Volker Böing is Director of the Process & Content Management Department at the scientific publisher Springer. He studied library and information science and computer science at the Humboldt University Berlin. During his professional career in the scientific publishing industry he worked as project manager, responsible for further development of workflow and content management IT systems and was manager of process and solution design teams.

Ian Borthwick is a Porfolio Development Manager at IET Standards Limited, part of the Institution of Engineering and Technology (IET), UK, where he develops standards-based professional products in energy, sustainability and technology. Ian previously worked as a Commissioning Editor at Woodhead Publishing, UK, where he set up a successful series of energy reference books. Ian is the Under-35 board member of the International Association of Scientific, Technical & Medical Publishers (STM) serving 2008–2014, where his interests lie not only in addressing industry developments and promoting best practices, but also in improving engagement with junior and middle managers in the publishing industry. He also served as Course Tutor on STM’s 20th Intensive Course in Journal Publishing – Europe, 2010.

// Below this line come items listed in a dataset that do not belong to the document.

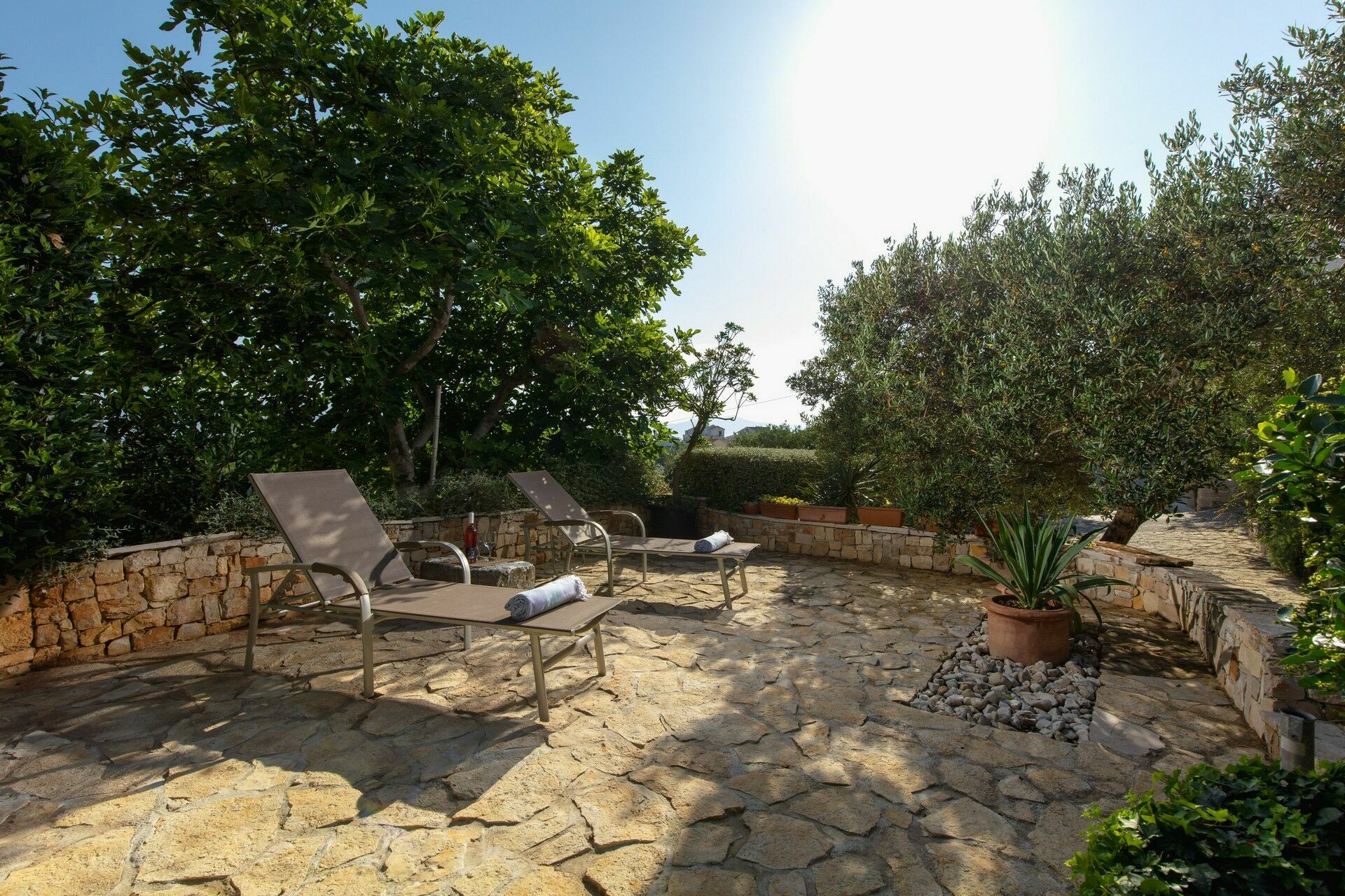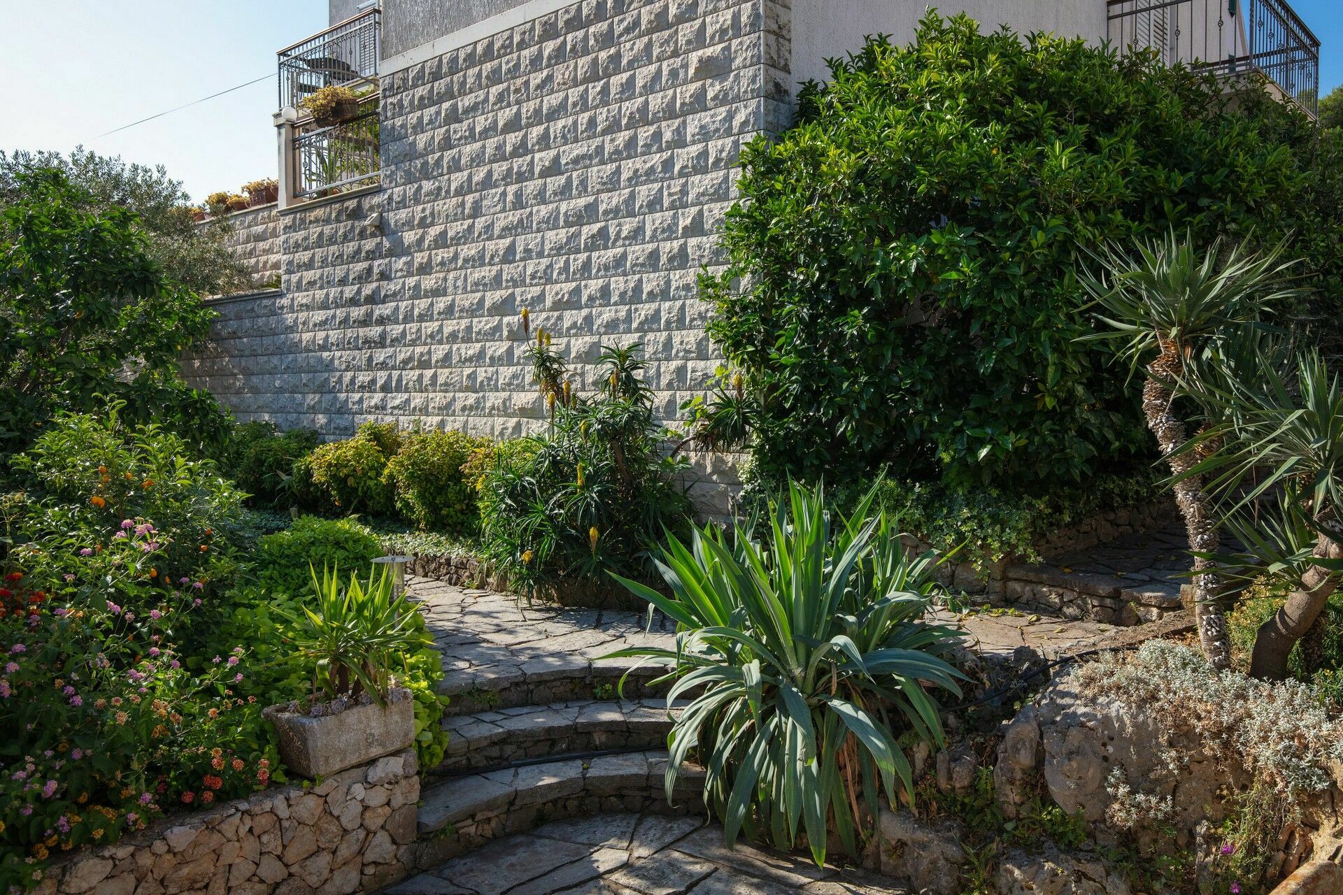 Im Aussenbereich steht den Gästen ein gepflegter Garten zur Verfügung, mit vielen Pflanzen und typischen Blumen der Insel. Ein überdachter Bereich mit Grill, Holzofen, Tisch und Stühlen gibt die Möglichkeit, stilvolle Essen im Freien zu organisieren und das wunderbare Klima der Insel zu geniessen.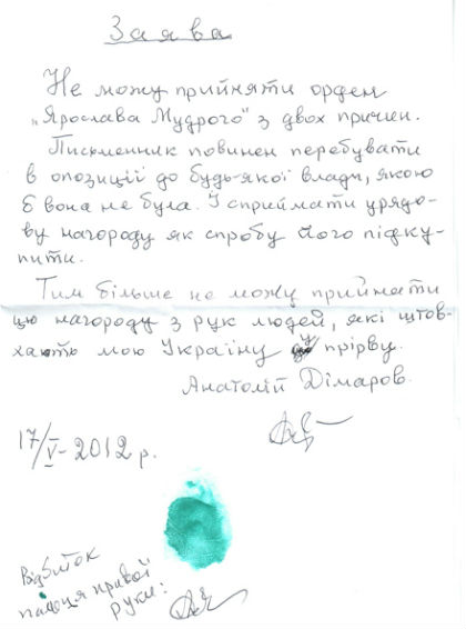 Письменник Дімаров відмовився від ордена Ярослава Мудрого (копія заяви)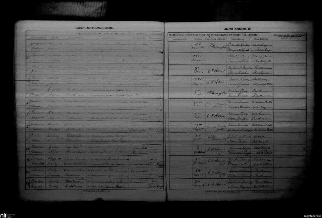 Blessington; County of Kildare, Wicklow; Archdiocese of Dublin. Marriages, Jan. 1870 to Nov. 1870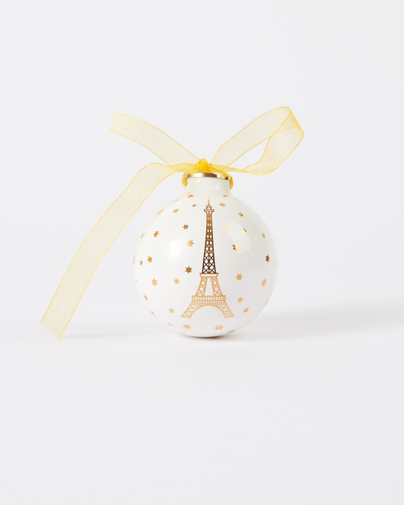 Faite à la main en céramique de haute qualité, chaque boule de Noël est émaillée en blanc lumineux et embelli d'un logo de la tour Eiffel en doré, ajoutant une touche de luxe à votre sapin. Le savoir-faire artisanal garantit que chaque pièce est unique, avec de légères variations qui ajoutent à son charme spécial. Cette boule de Noël est non seulement un ornement superbe mais aussi un souvenir durable de Paris. Elle est équipée d'un cordon doré, prête à être suspendue et à briller parmi vos décorations de fête.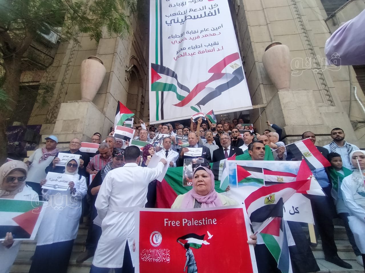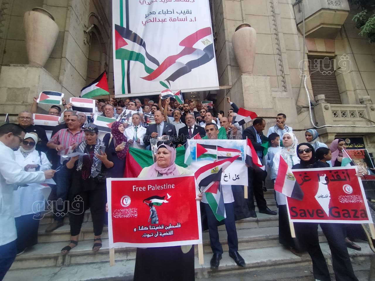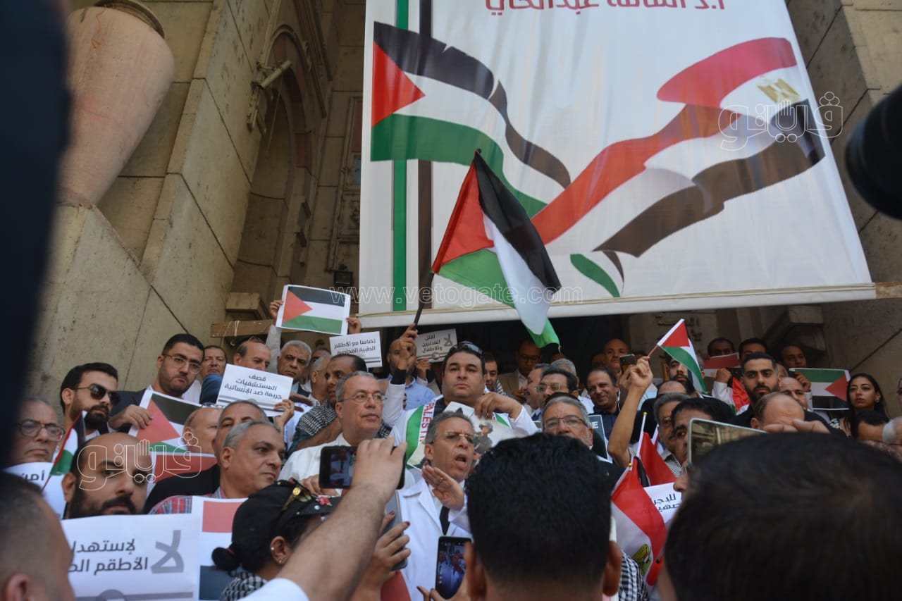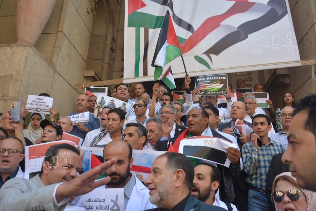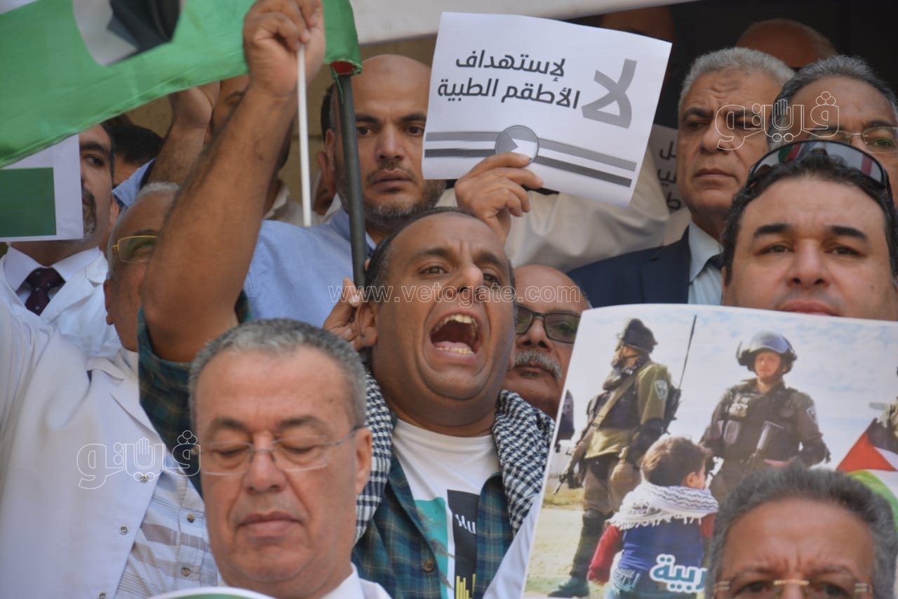 وردد الأطباء: "نتنياهو مجرم حرب، سامع صوتك يا فلسطين إحنا معاكي ليوم الدين، بالروح بالدم نفديك يا أقصى".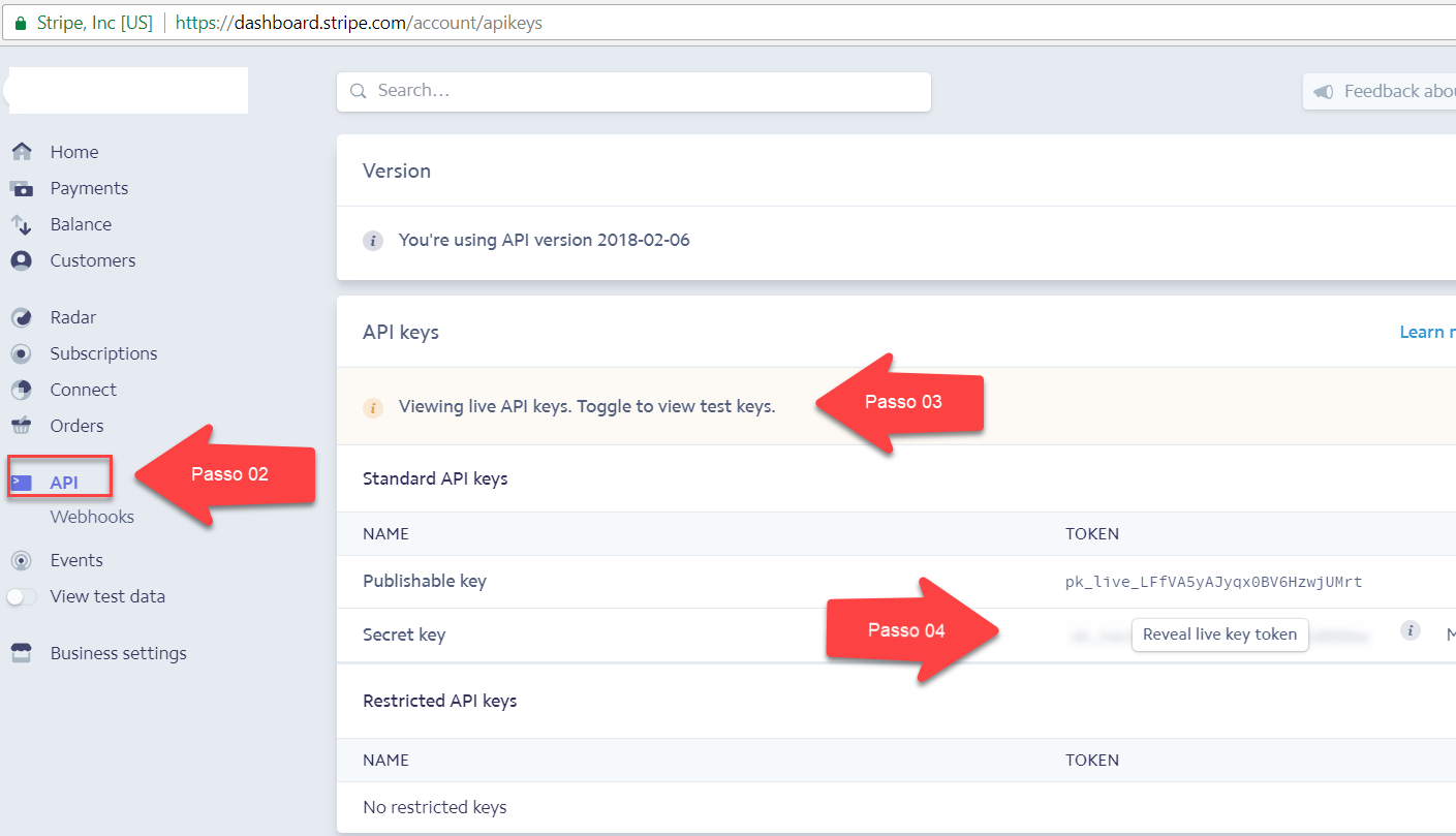 3. Verifique se as chaves API exibidas na tela estão em modo Live;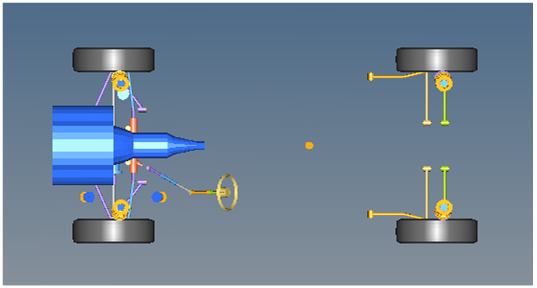 The front and rear wheel motions act on the wheel spindle revolute joints that connect the wheel hub to the knuckle. The motion is initially zero (fixing the wheels to the knuckle) so the model converges statically. The locking motions on the wheels are deactivated after convergence of the static analysis to allow the tires to rotate during the dynamic simulation.

Robert Campbell is Senior Publisher at Wiley-Blackwell Publishing and is Chair of the Publishing Research Consortium (PRC); he is also a former Chair of the International Network for the Availability of Scientific Publications (INASP), the International Association of Scientific, Technical and Medical Publishers (STM) and CrossRef. He received an honorary doctorate from Oxford Brookes University in 2005 and in 2009 received an ALPSP Award for Contribution to Scholarly Publishing. He is the co-author or author of three books on publishing and over 60 articles.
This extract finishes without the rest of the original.